5.8.09

Armas


(Um texto carregado de ingenuidade)


O dialéctico das armas. A voz que troa mais alto, a que impõe a razão pela força das balas – uma razão que se escapa a si mesma. Deste dialecto perdi o fio à meada: já não sei se é apenas a estupidez da espécie, ou se é a filmografia de Hollywood (pensando bem: a filmografia de todos os lugares) que promove a suicidária orgia de armas.


Eu, que nunca peguei numa arma – nem sequer armas faz-de-conta – custa-me a entender a adoração de uns e a necessidade de outros por um arsenal que chegava para exterminar a espécie. Às vezes (e a cadência tem aumentado), notícias de crimes hediondos. Um pega numa arma e dispara sobre outro, terminando ali com a sua vida. Às vezes é assim que expiram as desavenças. Um endemoninhado qualquer perde a lucidez. Com a cabeça fervente, e por não ter gostado do encaminhamento da troca de argumentos, toma uma decisão: tamanha afronta tem que ser resolvida com o argumento supremo, uma bala que termina de vez com a ostentação do oponente. Que interessa que o oponente deixe de pertencer aos vivos? E que interessa se a escala aparece invertida: o argumento, que lhe parece "supremo", é de uma indignidade atroz.


Arrependimento algum convence uma consciência amordaçada. O mal está feito e não tem retrocesso. A bala disparada não é como os boomerangs. Se, por acaso ou por destreza do homem do revólver, a bala perfura órgão vital não é só uma vida a lamentar: é a outra vida, a do homem que passeia a covarde coragem da força das balas, também desgraçada. Como pode tão alto gritar a insensatez da força das armas, quando o muito alto preço a pagar pode ser a privação da liberdade provada através do cárcere?


Ar armas são a negação da humanidade – levou-me, num acesso de lirismo, o pensamento à conclusão. Outra pausa para interrogar a conclusão. Que depressa se nega a si mesma: as armas são património genético da história da humanidade. A começar, foram invenção do homem. As sucessivas gerações souberam usar do engenho para aperfeiçoarem os revólveres, que se tornaram mais mortíferos. Não me interessa saber se um revólver vomita uma bala de pequeno calibre ou é tão brutal que despedaça um corpo. O resultado é sempre o mesmo: uma vida que perece no altar do insuportável belicismo servido pela poderosa voz de armas.


Tinha uma dúvida: não sabia se era a humanidade embebida na sua profunda estupidez ou a filmografia de todos os lugares o ingrediente da indústria das armas. O que é que isso interessa? O mal maior está feito a partir do momento em que uma arma é fabricada e fica exposta numa loja e encanta um imbecil que a decide comprar. Alguns, desconfiados com a insegurança que nidifica neste mundo, explicam a compra: é para auto-defesa. E quantas vezes o argumento se retorce e a auto-defesa se transforma em agressão gratuita? Eu digo: as armas existirem é a prova maior da irracionalidade da espécie.
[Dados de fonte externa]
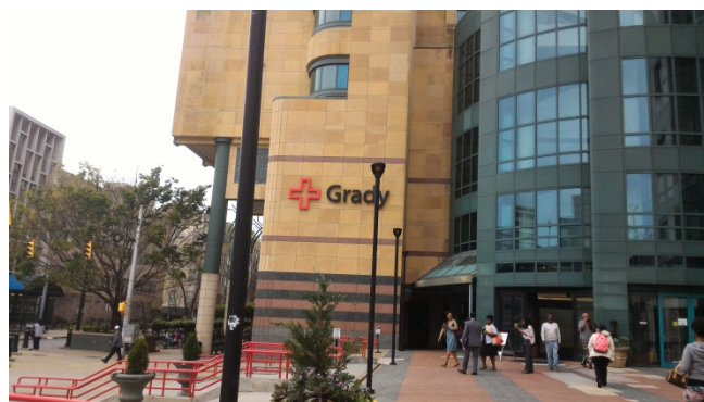
↑ 位於 Atlanta 市中心的 Grady memorial hospital

Grady memorial hospital 位在 Atlanta 市中心，是當地規模最大的醫院，病床數約 1000 床，照護病人涵蓋相當廣泛，除了小兒科病人以外，幾乎所有類型的病人都有照顧。因應 Atlanta 人口組成，Grady 的特色也應運而生。Atlanta 是全美國非裔美國人最多的城市之一，即便在這幾十年間民權抬頭下，多數非裔美國人仍處於較低的社會階層，導致 Atlanta(尤其在市中心)的治安偏差，槍案層出不窮。Atlanta 的毒品氾濫問題也相當嚴重，比如 cocaine, marijuana 等，尤其在同性戀族群中更甚，導致愛滋病、性病、C 型肝炎等傳染病相當盛行。非裔美國人的基因遺傳關係，容易患有鐮狀細胞型貧血(sickle cell anemia)。因應這樣的人口組成，Grady 不但有健全的急診系統，愛滋病門診及照護網，鐮刀型貧血門診及照護網等。此外 Grady 的外科以及燒燙傷病房的品質也是享譽全美的，甚至會有別州的病人用直升機運送到 Grady 尋求治療。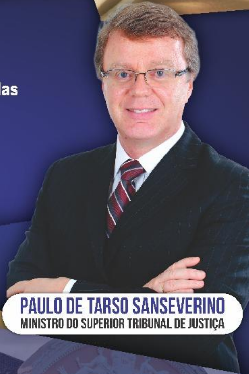
PAULO DE TARSO SANSEVERINO MINISTRO DO SUPERIOR TRIBUNAL DE JUSTIÇA

DA VINCI HOTEL E CONVENÇÕES, Nº 240 A BAIRRO ADRIANÓPOLIS - MANAUS – AM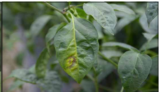
【고추의 잎 괴사반점(국화 하우스 주변)】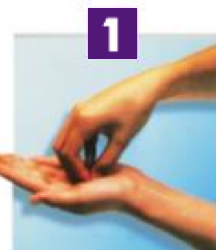
Bouts des doigts

Frictionnez vos mains, c'est pour votre bien !

A espiral belicista tem um especial nutriente na filmografia de todos os lugares. Há tiros a mais nos filmes, uma orgia de violência que é a flagrante demonstração do escasso valor que a vida tem. Nos filmes, as balas só são a fingir e os corpos por elas fragmentados só simulam a sua própria morte. O ardil deste mundo faz-de-conta é a armadilha letal. É que, ao contrário dos filmes, as armas da vida real têm balas que esquartejam corpos. O sangue vertido é sangue a sério. Ao contrário dos filmes, na vida real o troar de armas fermenta o choro pela perda de vidas. E, ao contrário dos filmes, não voltamos a ver a mesma cara que num filme anterior tinha jazido às mãos de uma bala sanguinária.


Para terminar, dois lirismos de um só vez: a quem odeia proibições, se acaso lhe fosse dada a oportunidade de lançar mão de uma proibição em jeito de excepção, ela que ditasse a proibição das armas. As fábricas de armamento todas destruídas. Talvez a maior miragem de todas estivesse, palpável, diante das nossas mãos: as guerras, enfim, apenas uma vergonhosa antropologia da espécie.


(Em Tavira)

1 comentário:

Milu disse...

Já agora que falou da indústria cinematográfica. Pergunto-me porque se gosta tanto dos chamados filmes de acção, ou seja, dos filmes onde haja pancada e tiros até mais não! E o que dizer das pessoas, que a eles assistem, com uma calma imperturbável, que até me impressiona? A violência que vejo em filmes revolta-me profundamente, tanto, que raramente consigo assistir, no entanto, a violência aqui é reproduzida com a intenção de divertir, e isto, faz-me pensar!